David menyatakan bahwa ke depannya, Amar Bank berencana untuk menyediakan alat pelacak pengeluaran yang membantu nasabah dalam mengelola keuangan mereka secara lebih efisien. Dengan adanya alat tersebut, bank digital berharap dapat memberikan nasihat dan strategi pengelolaan dana yang lebih baik, memberikan manfaat yang lebih besar kepada nasabah.
“Jika kami memiliki akses untuk melihat kondisi keuangan nasabah di bank lain, kami akan dapat memberikan wawasan yang berharga,” tambahnya. Dengan demikian, nasabah dapat membuat keputusan untuk menempatkan tabungan mereka di bank yang menawarkan tingkat bunga yang lebih kompetitif.
Bank Amar menargetkan untuk mengumpulkan DPK hingga Rp 300 miliar pada tahun 2024, yang merupakan tiga kali lipat dari jumlah saat ini yang hanya sekitar Rp 90 miliar hingga Rp 100 miliar. Pada sisi lain, Abraham Lumban Batu, Wakil Presiden Senior Perbankan Ritel Amar Bank, mencatat pertumbuhan DPK Bank Amar mencapai 100 persen pada tahun 2023.

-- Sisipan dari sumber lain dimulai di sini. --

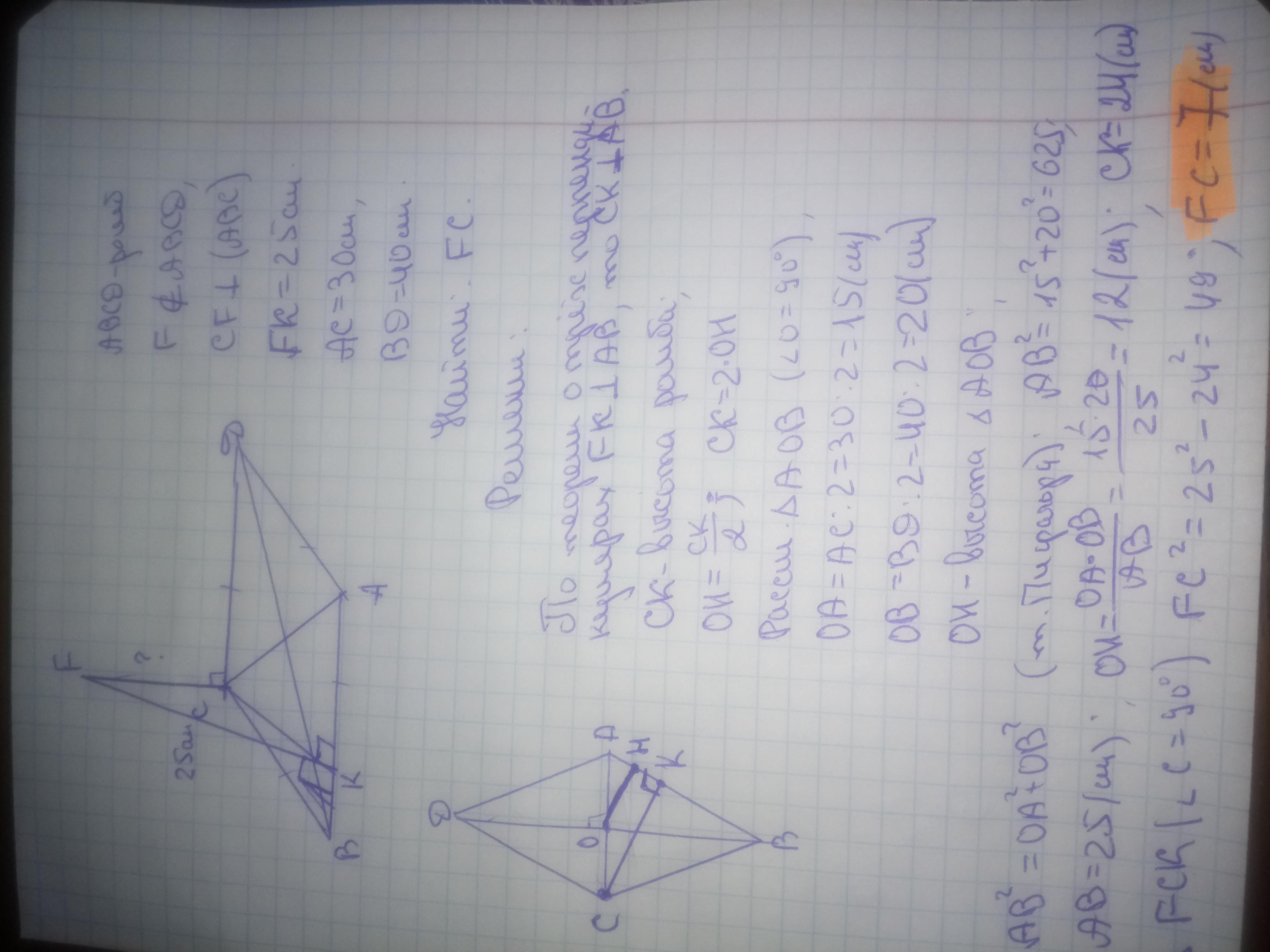 Из вершины С ромба ABCD к его плоскостям проведён перпендикуляр CF. Точка F удалённая от сторон АВ на 25 см. Найти растояние от точки F до плоскостей ромба, диагонали ровны 40 и 30 см. (можно пожалуйста с решением расписать очень нужно)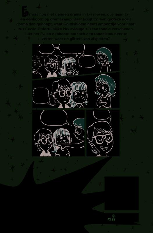 Er was nog niet genoeg drama in Evi’s leven, dus gaan Evi en eenhoorn op dramakamp. Daar krijgt Evi een grotere dosis drama dan gehoopt, want Goudsbloem heeft amper tijd voor haar: zus Cecile Onfortuinlijke Neusvleugels is ten tonele verschenen.

Abraham menyatakan bahwa terjadi perubahan perilaku di kalangan generasi Z dan milenial yang mulai sadar akan pentingnya menabung. Untuk menarik lebih banyak nasabah, Amar Bank akan meluncurkan serangkaian kampanye yang menekankan pentingnya menabung. Selain itu, dengan menawarkan suku bunga tabungan yang menarik, diharapkan konsumen akan lebih berhati-hati dalam mengelola keuangannya.
“Sekarang mereka lebih cenderung untuk mempertimbangkan opsi menabung, daripada menghabiskan uang mereka secara impulsif, dengan harapan mendapatkan keuntungan yang lebih besar dari investasi mereka,” jelasnya.
Saat ini, Amar Bank menawarkan suku bunga tabungan hingga 5,5 persen dan suku bunga deposito hingga 9 persen. Hingga kuartal III-2023, Bank Amar mencatat kredit senilai Rp 2,47 triliun, dengan pertumbuhan tahunan sebesar 15,56 persen. Laba bersih mereka tercatat sebesar Rp 162,17 miliar, dengan pertumbuhan tahunan mencapai 193,81 persen.
Menurut Nailul Huda, seorang ekonom dan Direktur Pusat Ekonomi Digital dari Pusat Studi Ekonomi dan Hukum (Celios), pertumbuhan DPK selama pandemi dan tahun-tahun sebelumnya cukup signifikan karena konsumen lebih berhati-hati dalam menghabiskan uang mereka.
Namun, ia memperkirakan bahwa kelas menengah kini cenderung untuk meningkatkan konsumsi, sehingga pertumbuhan DPK dapat melambat. “Ini menyebabkan pertumbuhan DPK melambat dibandingkan dengan periode sebelumnya,” tutupnya.
Sebagai informasi tambahan, Otoritas Jasa Keuangan (OJK) mencatat pertumbuhan DPK industri perbankan hanya mencapai 3,8 persen sepanjang tahun 2023, atau mencapai Rp 8.234,2 triliun. OJK memproyeksikan pertumbuhan DPK pada tahun 2024 akan berada dalam kisaran 6 hingga 8 persen secara tahunan.